Numerous construction contracts and subcontracts include provisions requiring the parties to arbitrate their disputes, either in lieu of litigation or as a condition precedent to trial.  Arbitration is a preferred means of alternative dispute resolution as it minimizes the time and expense of litigation and, in some cases, a jury trial.  One example of costs saving is discovery in arbitration proceedings.  Discovery in arbitration is typically limited in comparison to litigation in either the State or Federal court systems.  However, parties occasionally need information from non-parties to support their defenses or claims, which gives rise to the need to issue subpoenas. Florida’s Arbitration statute allows the arbitrator to issue subpoenas to non-party witnesses and to compel them to bring documents to the proceedings.
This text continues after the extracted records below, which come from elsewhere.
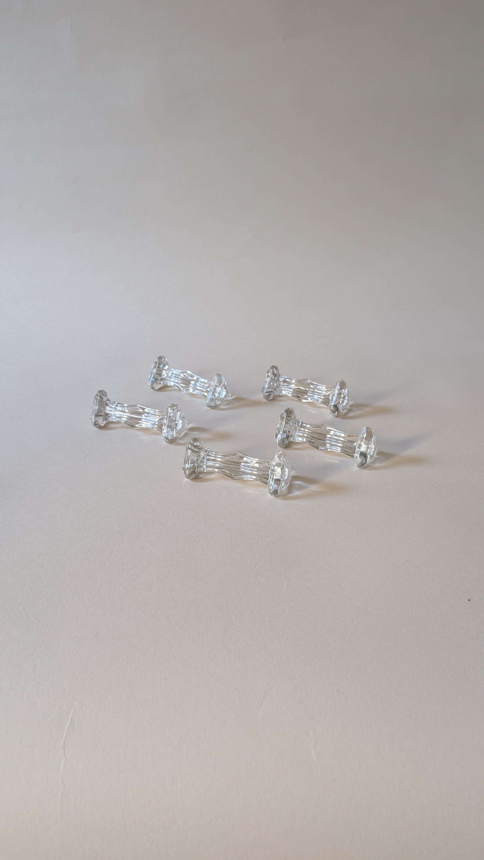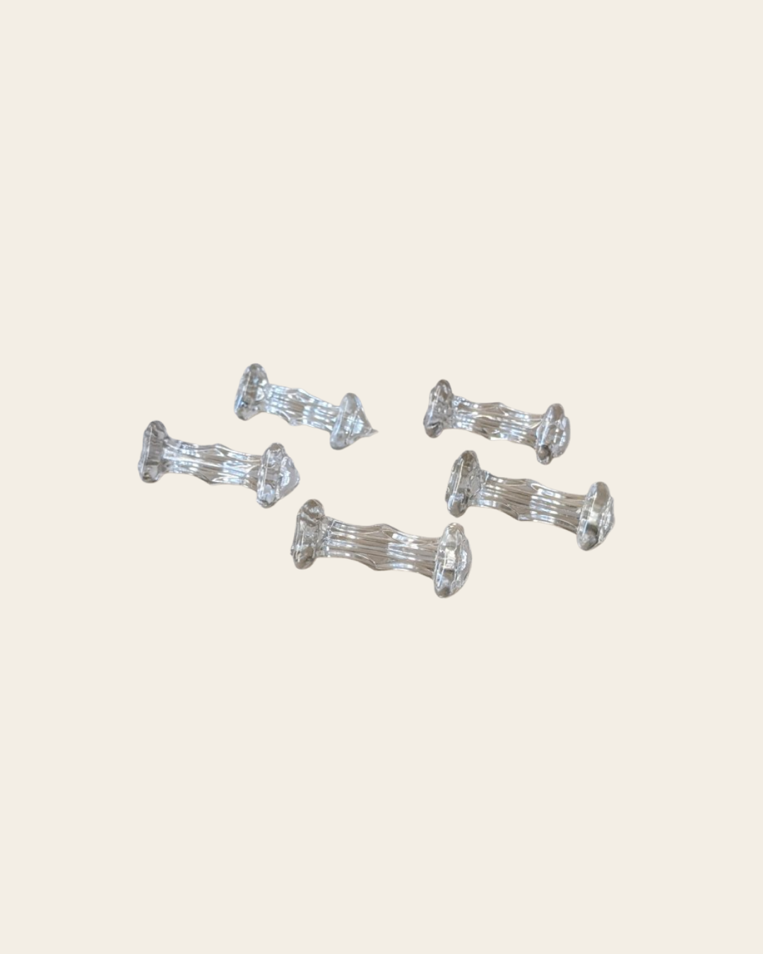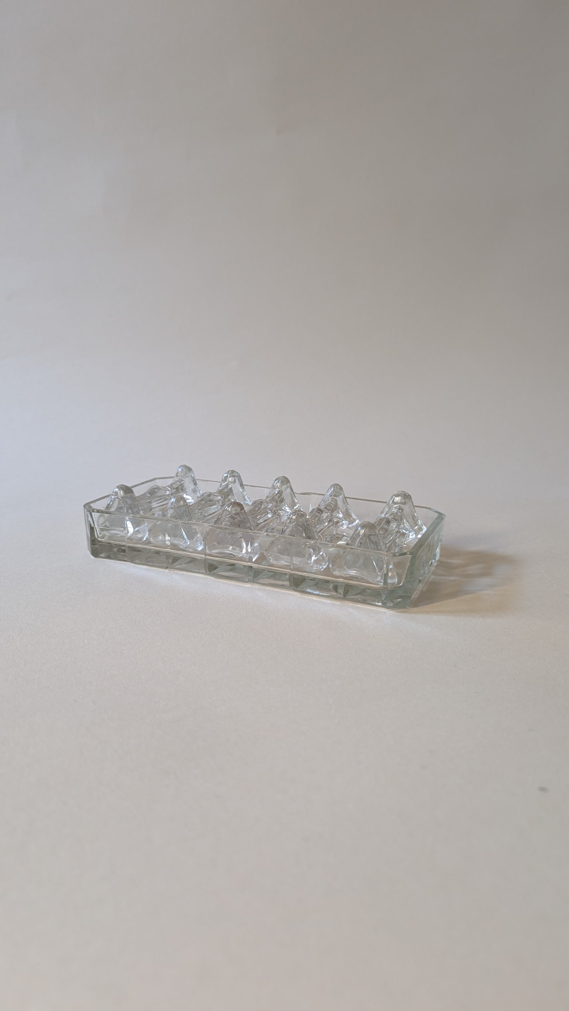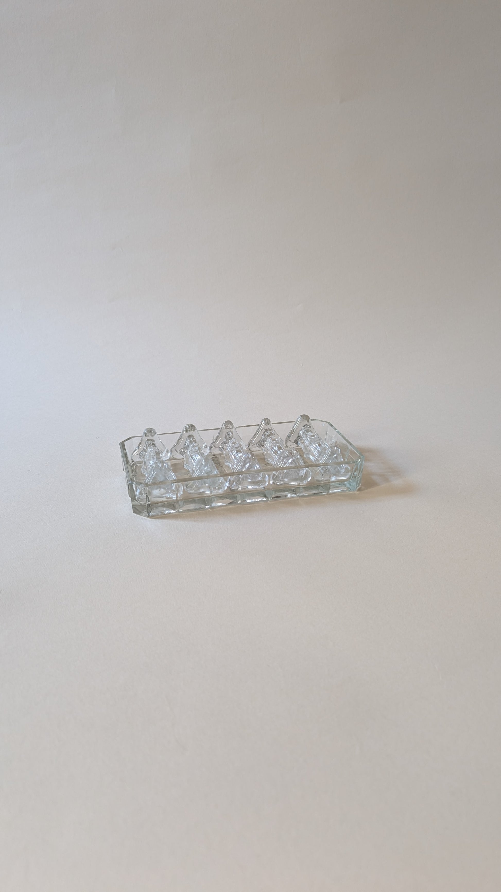 Ensemble de cinq porte-couteaux en verre pressé présentés dans leur plateau d’origine. Leur transparence et leurs lignes élégantes apportent une touche raffinée et intemporelle à la table.
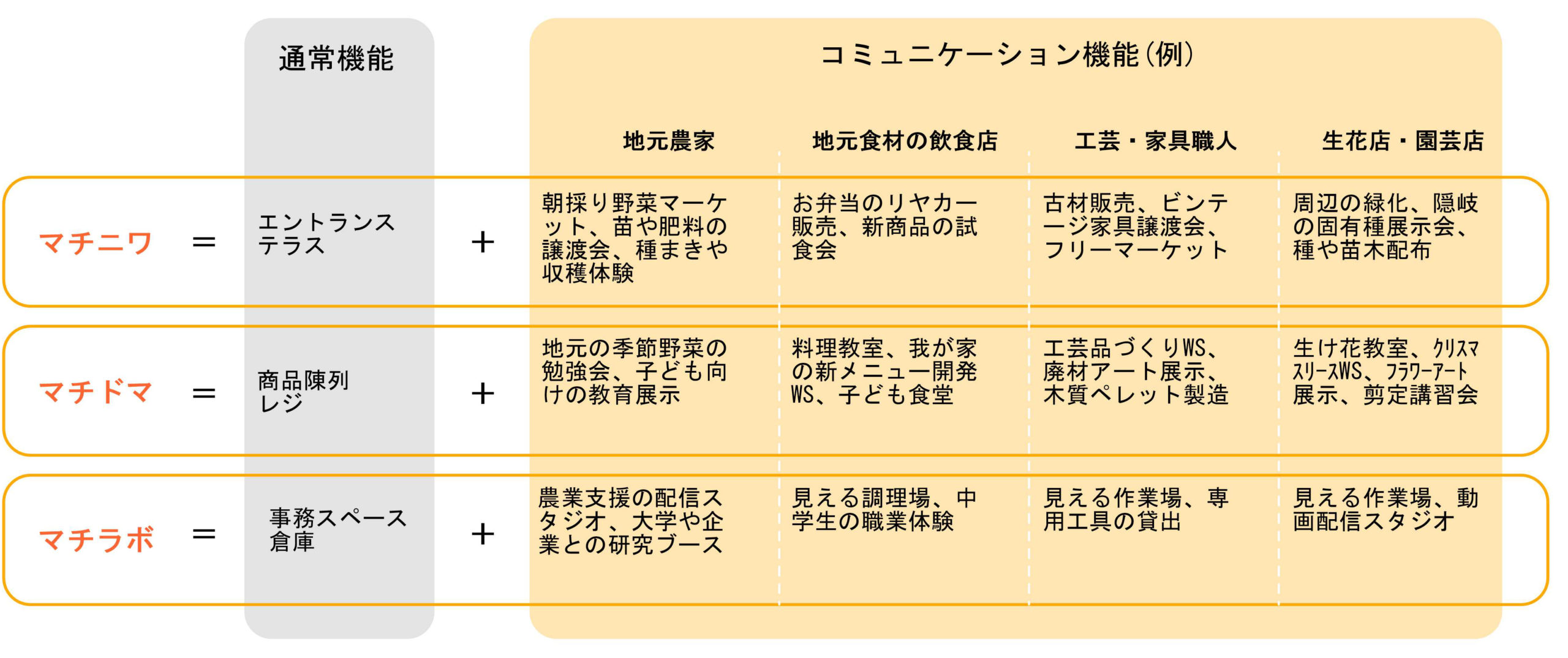 「マチラボ」「マチドマ」「マチニワ」の3空間を通じて、交流や体験を促す商業施設。ものづくりの現場を開き、特産品への理解と愛着を育み、隠岐発の創造的な産業の育成を目指す。
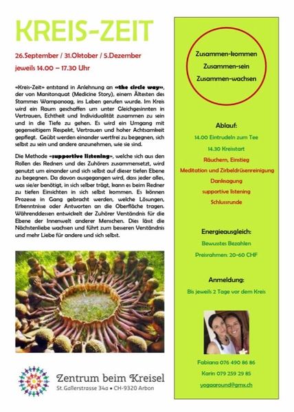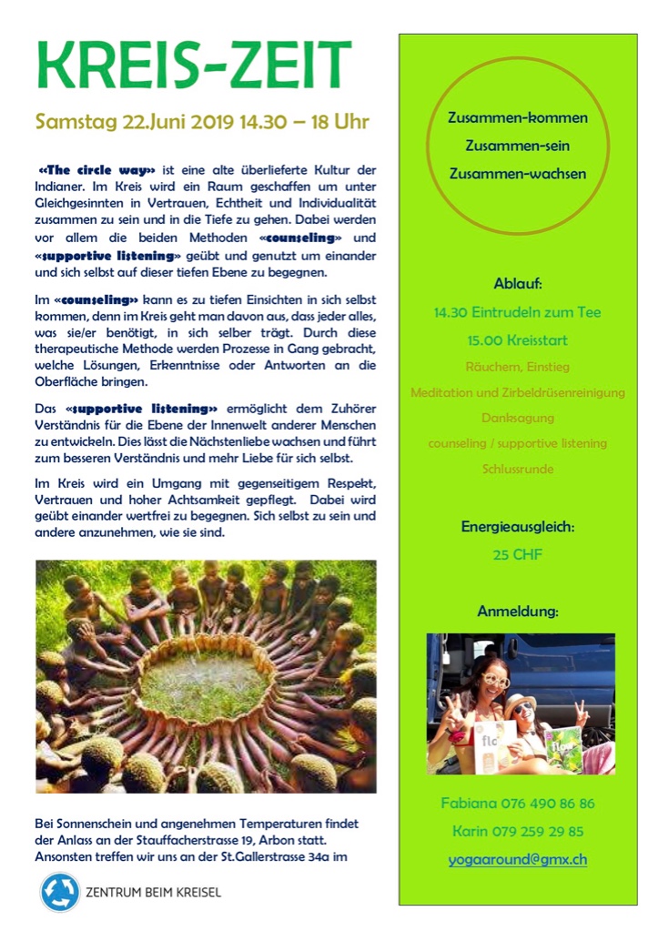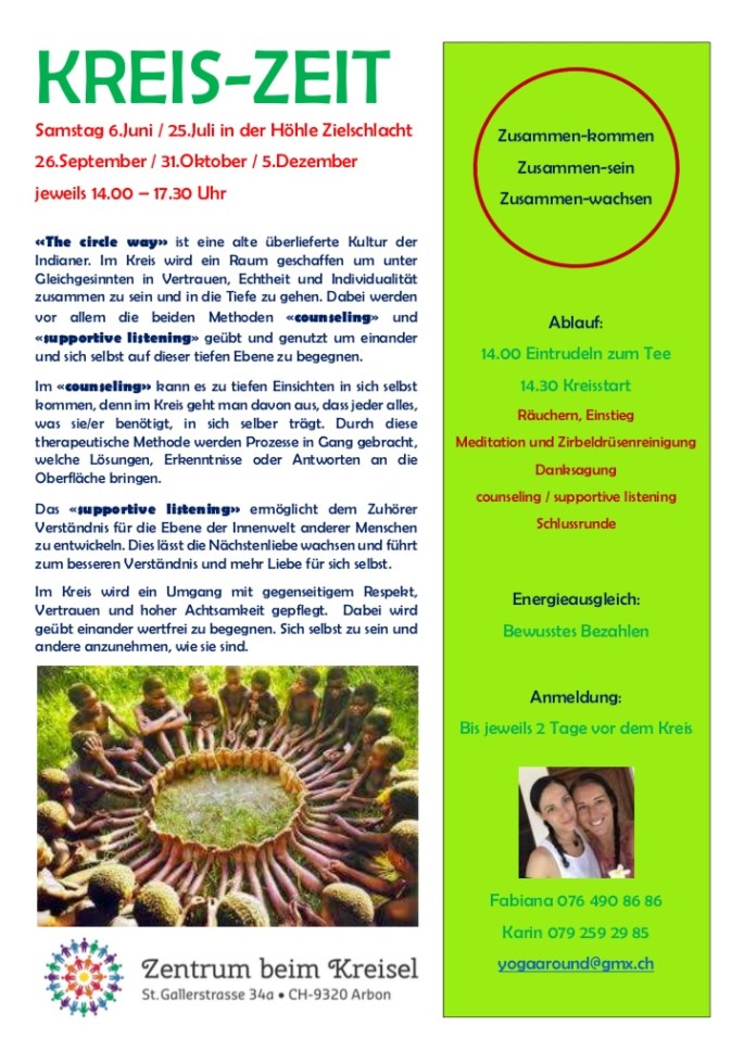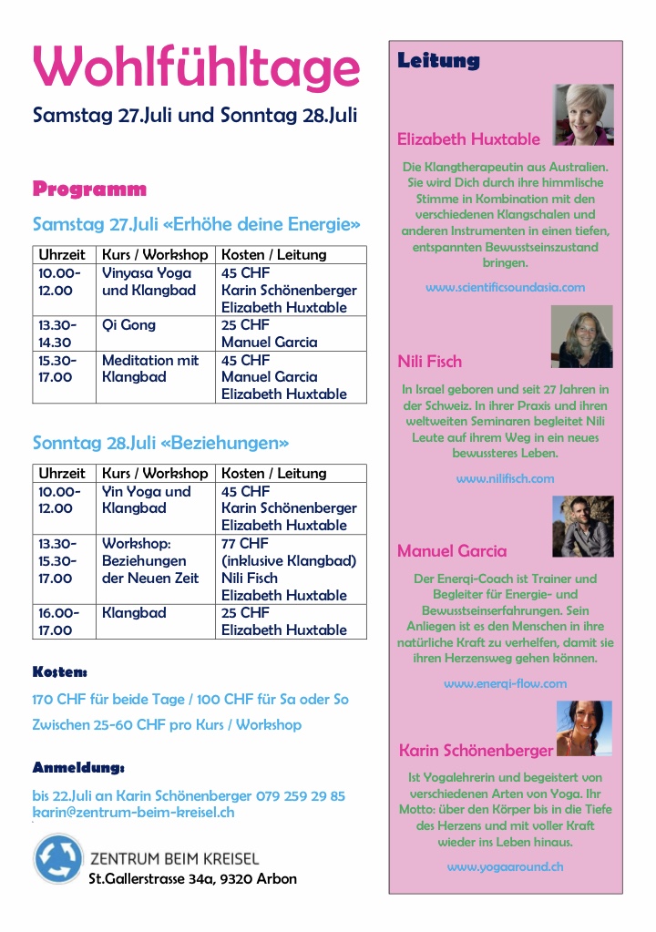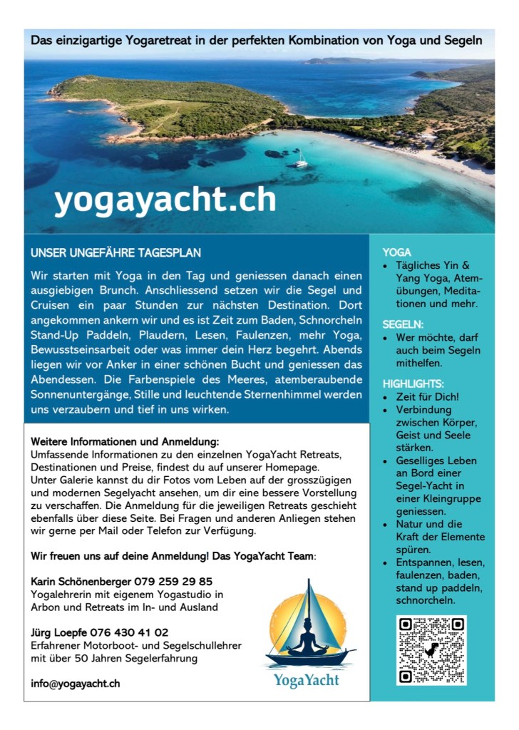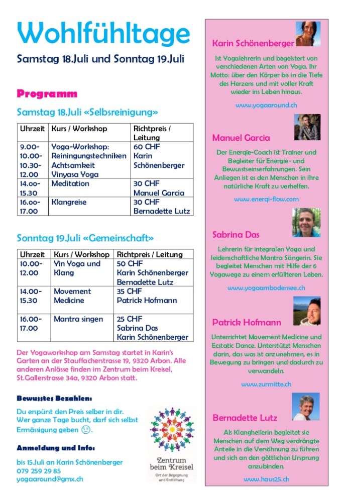 14.30 – 18.00 Uhr bei Sonnenschein und angenehmen Temperaturen findet dieser Anlass im Yogaaround Garten statt, ansonsten im Zentrum beim Kreisel

As a practical matter, the parties typically move the arbitrator to issue the subpoenas.  The Arbitration rule, in Florida, that controls the subpoena process, in large part, mirrors the rule in the State court system, which is found in Florida Rule of Civil Procedure 1.410.  The Federal rule, codified in the Federal Arbitration Act, Section 7, is unclear as to whether the arbitrator or parties have the ability to compel non-party witnesses to produce documents prior to arbitration.  This article discusses the problems inherent in this process and the best approach, in our view, of dealing with it when your case is in Federal Court.

There is currently a split among the Federal Appellate Circuits’ interpretation of Section 7 of the Federal Arbitration Act.  Section 7 defines an arbitral panel’s power to compel the appearance of a witness and production of documents of a non-party in a Federal arbitration hearing.  Section 7 states that “[t]he arbitrators selected either as prescribed in this title or otherwise, or a majority of them, may summon in writing any person to attend before them or any of them as a witness and in a proper case to bring with him or them any book, record, document, or paper which may be deemed material as evidence in the case.”  Federal Arbitration Act, 9 U.S.C. § 7.  The phrase that is at the center of the split in the Circuits is “bring with him” as it relates to any documents that the non-party witness produces based on the subpoena.

The Second Circuit, comprised of Connecticut, New York, and Vermont, and Third Circuit, comprised of Delaware, New Jersey, and Pennsylvania, have held that Section 7 gives an arbitrator the power to issue a subpoena to a non-party for the production of documents and compel his or her appearance at the final hearing, but not to compel the production of documents prior to his or her appearance at the final hearing.  These courts interpret the phrase “bring with him” to mean that the non-party witness does not need to produce the documents until he brings them with him to the final hearing.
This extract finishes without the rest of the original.